CI PyPI Docs Coverage License: MIT Python 3.11+ DOI

Epsilon Machine Inference & Characterization

A Python framework for constructing and analyzing epsilon-machines based on computational mechanics.

📚 Documentation | 🚀 Getting Started

What is an Epsilon-Machine?

An epsilon-machine (ε-machine) is the minimal, optimal predictor of a stochastic process. Introduced by James Crutchfield and collaborators, ε-machines capture the intrinsic computational structure hidden in sequential data.

Key concepts:

  • Causal states: Equivalence classes of histories that yield identical predictions
  • Statistical complexity (Cμ): The entropy of the causal state distribution — a measure of structural complexity
  • Entropy rate (hμ): The irreducible randomness in the process

ε-machines reveal the emic structure of a process — the computational organization that exists within the system itself, not imposed from outside.

Features

  • 🔮 Inference: Reconstruct ε-machines using multiple algorithms (CSSR, CSM, BSI, Spectral, NSD)
  • 📊 Analysis: Compute complexity measures (Cμ, hμ, excess entropy E, crypticity χ)
  • 🎲 Sources: Built-in stochastic process generators (Golden Mean, Even Process, Biased Coin, Periodic) with noise transforms (BitFlipNoise)
  • 🔗 Pipeline: Composable >> operator for source → inference → analysis workflows
  • 🧪 Experiments: CLI and framework for reproducible algorithm benchmarking
  • 📈 Visualization: State diagram rendering with Graphviz
  • 📝 Export: LaTeX tables, TikZ diagrams, DOT, Mermaid, and JSON formats
  • 🧩 Extensible: Protocol-based architecture for custom algorithms and sources

Installation

pip install emic

Or install from source with uv:

git clone https://github.com/johnazariah/emic.git
cd emic
uv sync --dev

Quick Start

from emic.sources import GoldenMeanSource, TakeN
from emic.inference import CSSR, CSSRConfig
from emic.analysis import analyze

# Generate data from the Golden Mean process (no consecutive 1s)
source = GoldenMeanSource(p=0.5, _seed=42)
data = TakeN(10_000)(source)

# Infer the epsilon-machine using CSSR
config = CSSRConfig(max_history=5, significance=0.001)
result = CSSR(config).infer(data)

# Analyze the inferred machine
summary = analyze(result.machine)
print(f"States: {len(result.machine.states)}")
print(f"Statistical Complexity: Cμ = {summary.statistical_complexity:.4f}")
print(f"Entropy Rate: hμ = {summary.entropy_rate:.4f}")

Pipeline Composition

Chain operations using the >> operator:

from emic.sources import GoldenMeanSource, TakeN
from emic.inference import CSSR, CSSRConfig
from emic.analysis import analyze

# Compose source and transforms
source = GoldenMeanSource(p=0.5, _seed=42)
data = source >> TakeN(10_000)

# Infer and analyze
config = CSSRConfig(max_history=5, significance=0.001)
result = CSSR(config).infer(data)
summary = analyze(result.machine)

print(summary)

Built-in Sources

Process Description True States
Golden Mean No consecutive 1s allowed 2
Even Process Even number of 1s between 0s 2
Biased Coin i.i.d.

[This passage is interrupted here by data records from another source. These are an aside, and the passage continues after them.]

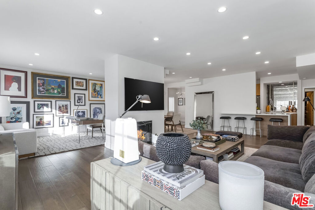 Located in Encino's prime Zelzah Avenue Condominiums, this front-facing 2BR/2BA 1,913 sq.ft. corner unit offers a sleek, modern design with a fully remodeled interior. Windows face West and North. The spacious layout includes a living room with a balcony and fireplace, a versatile den or office, and a formal dining area, wet bar, and a powder room for additional functionality. Wide-plank maple hardwood floors throughout enhance durability and elegance. The gourmet kitchen features Luca flat-panel European cabinetry with soft-close functionality, quartz countertops with a waterfall edge, and a sunny breakfast nook. The primary suite has a walk-in closet and bathroom with dual vanities, a freestanding tub, and a separate shower. A large guest room also has its own private bathroom with a tub/shower combo. Washer/dryer in-unit. The boutique building houses only 14 units, offering exclusivity and tranquility. Solid construction ensures a whisper-quiet living environment, with units ranging from 1,817 to 2,233 sq.ft. Residents enjoy access to amenities such as a pool, spa, sauna, and recreation room, as well as two tandem parking spaces and a storage area in the garage. Plenty of off-street guest parking, too (6 guest spaces on-site). Zelzah is not a "cut-through," nor it is a busy street. Conveniently located barely North of Ventura Boulevard, this property is within minutes of Gelson's, Trader Joe's, Target, restaurants, and all the area has to offer.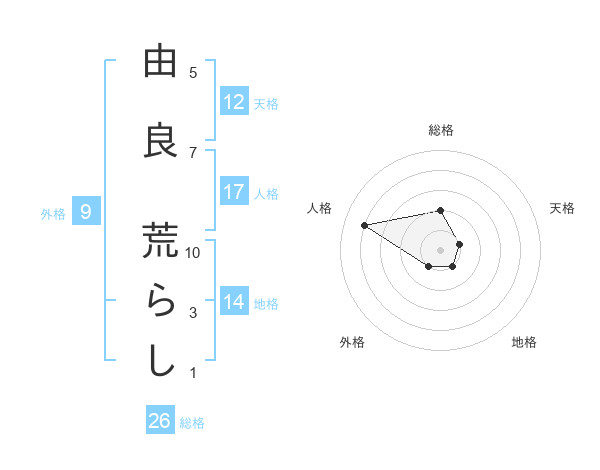 由良 荒らしさんの総格は26画の2点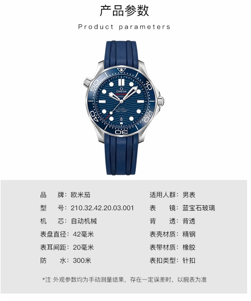 【OMEGA】欧米茄天文台男表210.30.42.20.06.001新款海马300机械表
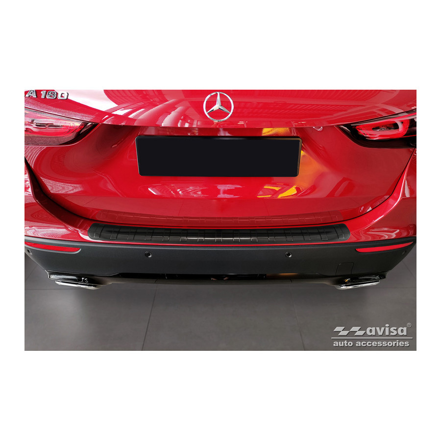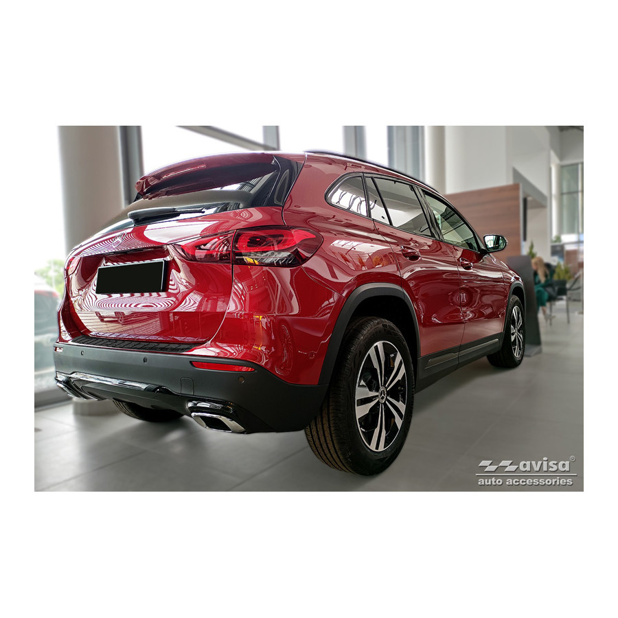 Black Stainless Steel Rear Bumper Protector suitable for Mercedes GLA-Class II H247 2020- 'Ribs' Provide optimal protection against daily wear and tear on the top of the rear bumper. This part of the car is very sensitive to damage caused by loading and unloading items. The costs for repair and refinishing are high, and the value of your car can decrease.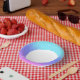 Abstrakte Quadrate hellblaues Rosa und lila Design.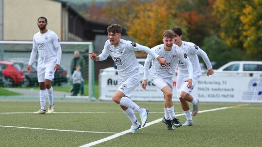 Leon Schmitz (Zweiter von links) dreht jubelnd ab: Der 19-jährige Andernacher Innenverteidiger hat soeben das späte 2:2 für die Gastgeber gegen die SG Schneifel erzielt. René Weiss

Bernoulli process 1
Periodic Deterministic repeating pattern n (period length)

Experiments

Run reproducible experiments to evaluate algorithm performance:

# Run all experiments with parallel execution
emic-experiment --all --parallel 4

# Quick mode for development
emic-experiment --quick

# List available experiments
emic-experiment --list

Algorithm Accuracy (January 2026)

Algorithm State Count Accuracy Cμ Error
Spectral 85% (100% at N≥10K) 0.15
CSSR 82% 0.05
NSD 73% 0.12
CSM 39% 0.10
BSI 32% 0.53

See the Experiments Guide for full details.

Project Status

Core implementation complete — The framework is functional with:

  • Multiple inference algorithms: CSSR, CSM, BSI, Spectral, NSD
  • Full analysis suite (Cμ, hμ, excess entropy E, crypticity χ)
  • Synthetic and empirical data sources with noise transforms
  • Pipeline composition
  • 429 tests with 82%+ coverage
  • Deep dive documentation: CSSR, Spectral Learning, Complexity Measures, Working with Real Data

📚 Full documentation available

Testing

All 429 tests are catalogued in the Testing Register, each with a plain English intent and classified by kind:

Kind Count What it verifies
Fact 280 Deterministic structural truths — immutability, validation, construction
Theory 73 Mathematical relationships from computational mechanics — Cμ, hμ, E, χ values
Property 30 Invariants across inputs — reproducibility, algorithm agreement, stochastic validity

Test categories:

  • Unit tests — Types, analysis measures, all 5 inference algorithms, sources, transforms, output formats
  • Golden tests — Algorithms verified against analytically known ε-machines (Golden Mean, Even Process, Biased Coin, Periodic)
  • Integration tests — Pipeline composition from source through inference to analysis
  • Machine invariant tests — Every algorithm's output validated for stochastic correctness (transition sums ≤ 1.0)

Pre-commit hooks enforce that the testing register is updated whenever tests change.

Etymology

The name emic works on multiple levels:

  1. Acronym: Epsilon Machine Inference & Characterization
  2. Linguistic: In linguistics/anthropology, emic refers to analysis from within the system — understanding structure on its own terms. This resonates with computational mechanics: ε-machines reveal the intrinsic structure of a process.
  3. Phonetic: Pronounced "EE-mik" or "EH-mic" — a nod to "ε-machine"

References

Contributing

Contributions are welcome! See the Contributing Guide for details.

License

MIT License — see LICENSE for details.

Author

John Azariah (@johnazariah)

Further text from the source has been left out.